The committee addressed a judge’s use of “electronic social media,” defined as Internet-based electronic social networking sites that “require an individual to affirmatively join and accept or reject connection with particular persons.”

In discussing the application of the Model Code of Judicial Conduct, the committee said that “while sharing comments, photographs, and other information, a judge must keep in mind the requirements of Rule 1.2 that call upon the judge to act in a manner that promotes public confidence in the judiciary.”

The committee said that a “judge should not form relationships with persons or organizations that may violate Rule 2.4(C) by conveying an impression that these persons or organizations are in a position to influence the judge.”

In addition, the committee cautioned that particular care should be taken that interactions with social media don’t violate rules prohibiting a judge from offering legal advice and commenting on a pending matter before the court.

“A judge must also take care to avoid comments and interactions that may be interpreted as ex parte communications concerning pending or impending matters in violation of Rule 2.9(A), and avoid using any ESM site to obtain information regarding a matter before the judge in violation of Rule 2.9(C),” the committee said.

The committee also addressed the issues of disclosure and disqualification that arise when a judge uses social media sites used by lawyers and others who may appear before the judge.

As a starting point, the committee said that a judge “who has an ESM connection with a lawyer or party who has a pending or impending matter before the court must evaluate that ESM connection to determine whether the judge should disclose the relationship prior to, or at the initial appearance of the person before the court.”

Emphasizing the importance of the context of the interaction, the committee said that a judge “should disclose on the record information the judge believes the parties or their lawyers might reasonably consider relevant to a possible motion for disqualification even if the judge believes there is no basis for the disqualification.”

The committee also discussed the use of electronic social media in judicial campaigns “Websites and ESM promoting the candidacy of a judge or judicial candidate may be established and maintained by campaign committees to obtain public statements of support for the judge’s campaign so long as these sites are not started or maintained by the judge or judicial candidate personally,” the committee said.

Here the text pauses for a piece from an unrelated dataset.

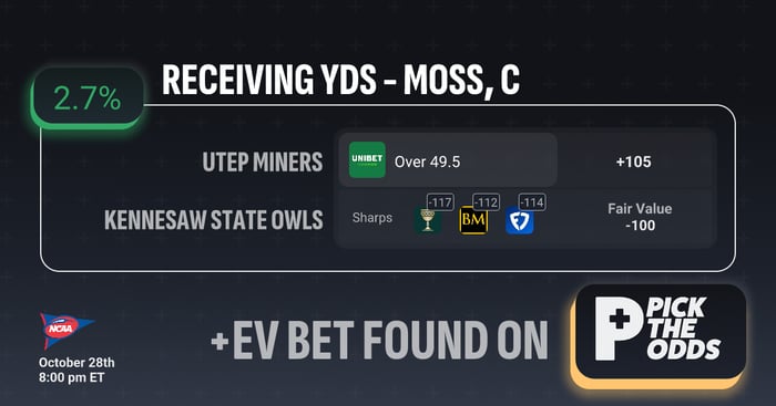 This Christian Moss Over 49.5 Receiving Yards prop is a +EV (+2.7%) play, with Unibet offering +105, while sharp books like Pinnacle, Bookmaker, and FanDuel price the same line between -112 and -117—implying fair odds closer to -100. That discrepancy signals value, as you’re getting plus money on a line the market views as nearly even. Moss has also hit this number in 4 of 5 games, and he faces a UTEP defense ranked near the bottom in passing yards allowed, increasing his probability of clearing this total. When the market consensus sits below even money but a book offers +105, it’s a strong indicator of positive expected value backed by both player trends and sharp market positioning.

In addition, the committee warned of the danger of a rules violation when a judge interacts with the web content of other judicial candidates.

“Some ESM sites allow users to indicate approval by applying ‘like’ labels to shared messages, photos, and other content,” the committee said. “Judges should be aware that clicking such buttons on others’ political campaign ESM sites could be perceived as a violation of judicial ethics rules that prohibit judges from publicly endorsing or opposing another candidate for any public office.”